**WHAT YOU NEED TO DO**
In full and word for word, copy the listing; no pictures belong in the copy.

**RECORDED INFORMATION**
================================
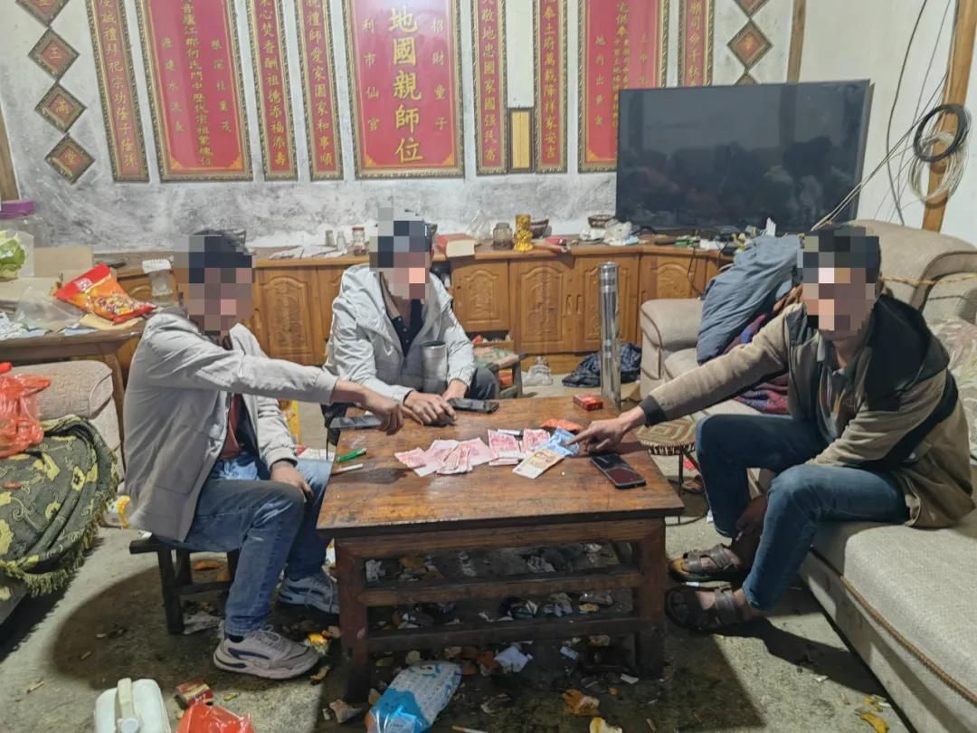 5月24日19时,镇安派出所接辖区居民何某电话报警,称自己和邻居发生纠纷,请求派出所前往处理。 接报后,民警立即赶到现场,却发现原来是何某与杨某、 邱某三人在家中以“捞腌菜”方式赌博,因为何某一直赢钱,杨某便怀疑是何某对扑克牌做了手脚,于是便与何某争论,二人各执一词互不相让,最后何某便报警求助。查清情况后,民警当场控制了三人,查扣了三人的2710元赌资及扑克牌等。
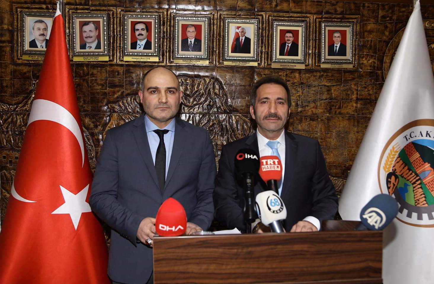 Aksaray Valisi Ali Mantı ve İl Sağlık Müdürü Uzman Doktor Kerim Yeşildağ valilik binasında koronavirüs şüphesi olayı ile ilgili basın açıklaması yaptı.
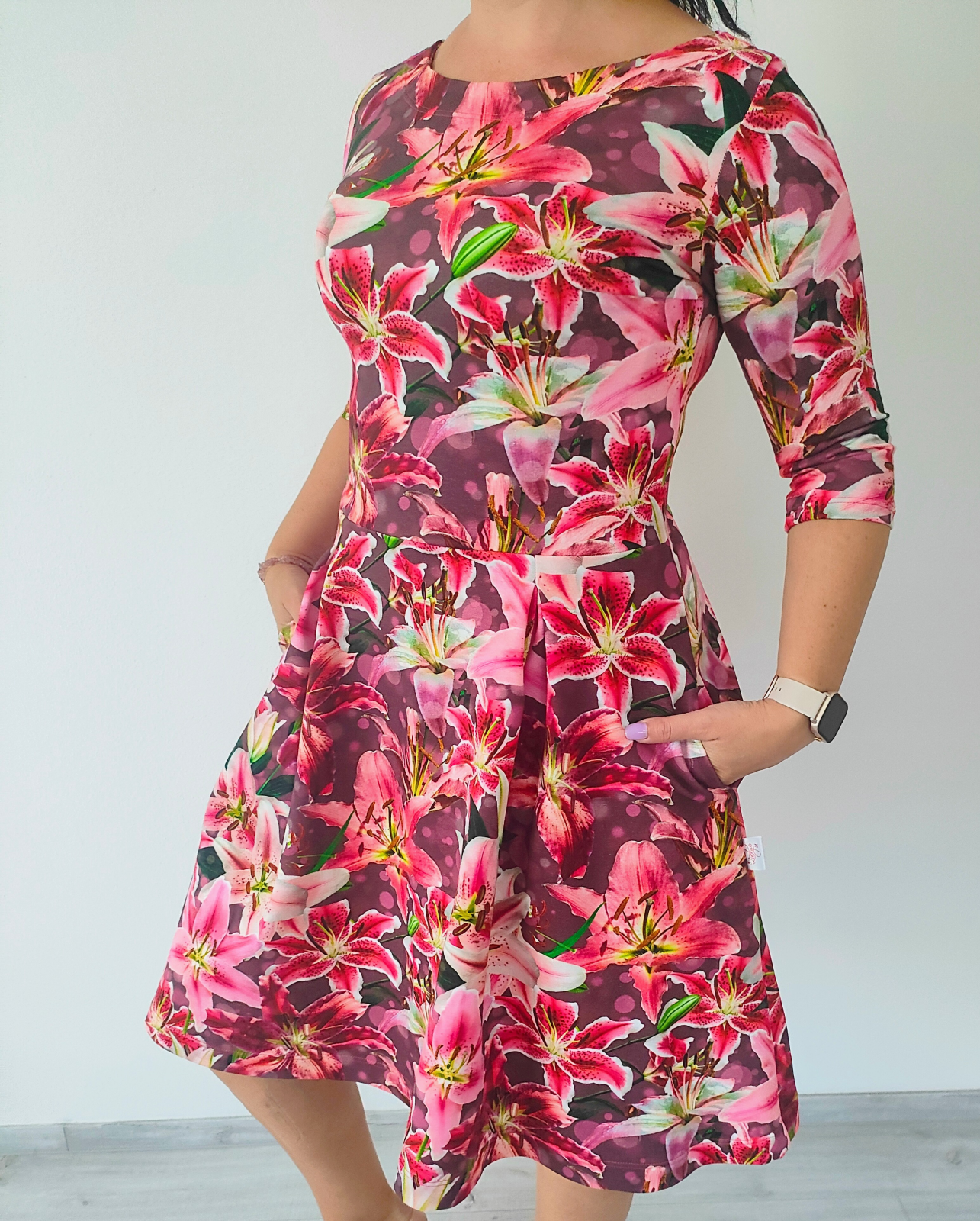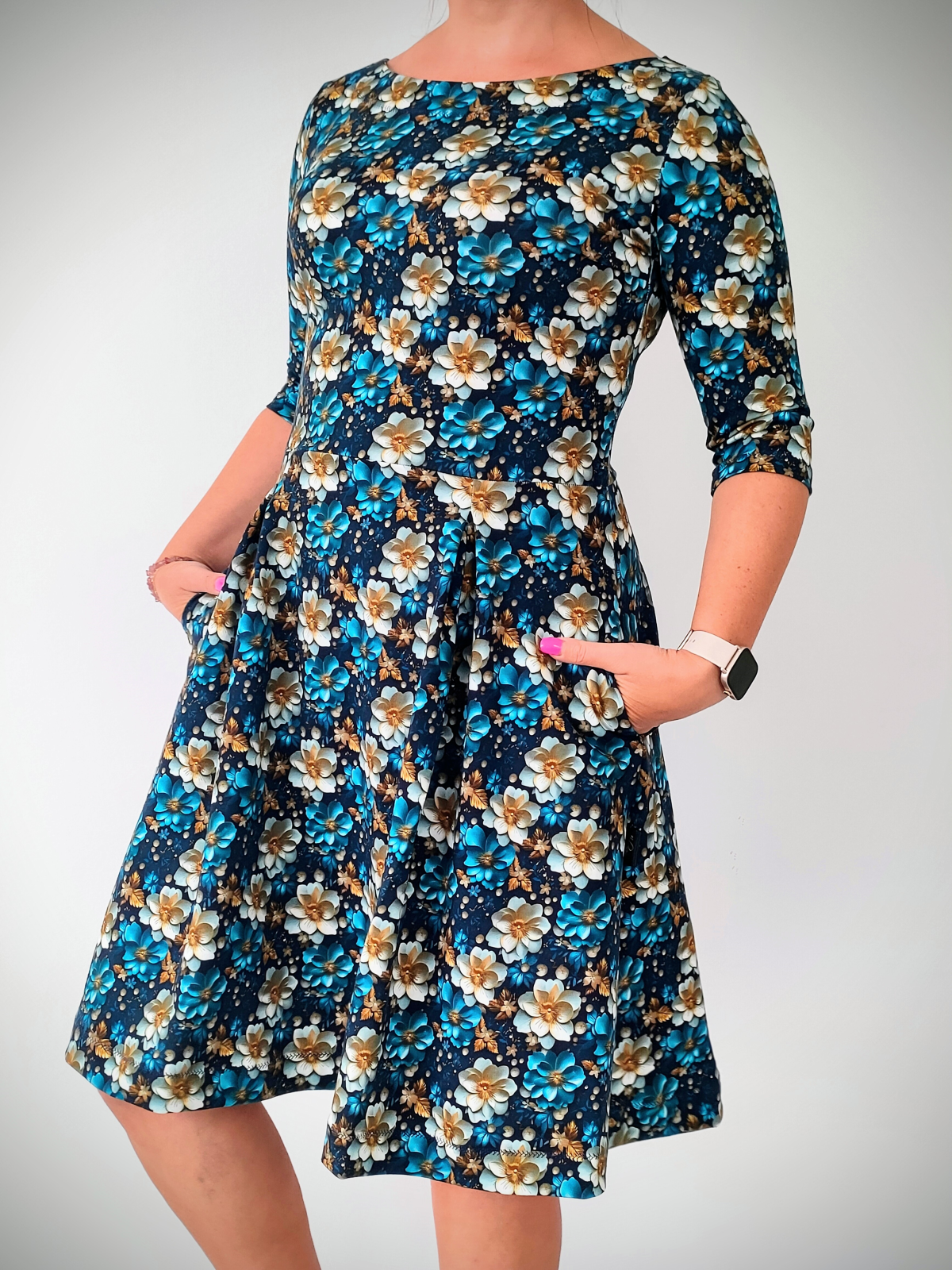 „Jsem moc spokojená! Videonávod je super a střih krásně sedí! Rukávy a kapsy jsem vynechala a sklady na sukni sešila po délce. Určitě budu šít do svého šatníku další.“
================================
**TASK SOLUTION**
 5月24日19时,镇安派出所接辖区居民何某电话报警,称自己和邻居发生纠纷,请求派出所前往处理。 接报后,民警立即赶到现场,却发现原来是何某与杨某、 邱某三人在家中以“捞腌菜”方式赌博,因为何某一直赢钱,杨某便怀疑是何某对扑克牌做了手脚,于是便与何某争论,二人各执一词互不相让,最后何某便报警求助。查清情况后,民警当场控制了三人,查扣了三人的2710元赌资及扑克牌等。
 Aksaray Valisi Ali Mantı ve İl Sağlık Müdürü Uzman Doktor Kerim Yeşildağ valilik binasında koronavirüs şüphesi olayı ile ilgili basın açıklaması yaptı.
 „Jsem moc spokojená! Videonávod je super a střih krásně sedí! Rukávy a kapsy jsem vynechala a sklady na sukni sešila po délce. Určitě budu šít do svého šatníku další.“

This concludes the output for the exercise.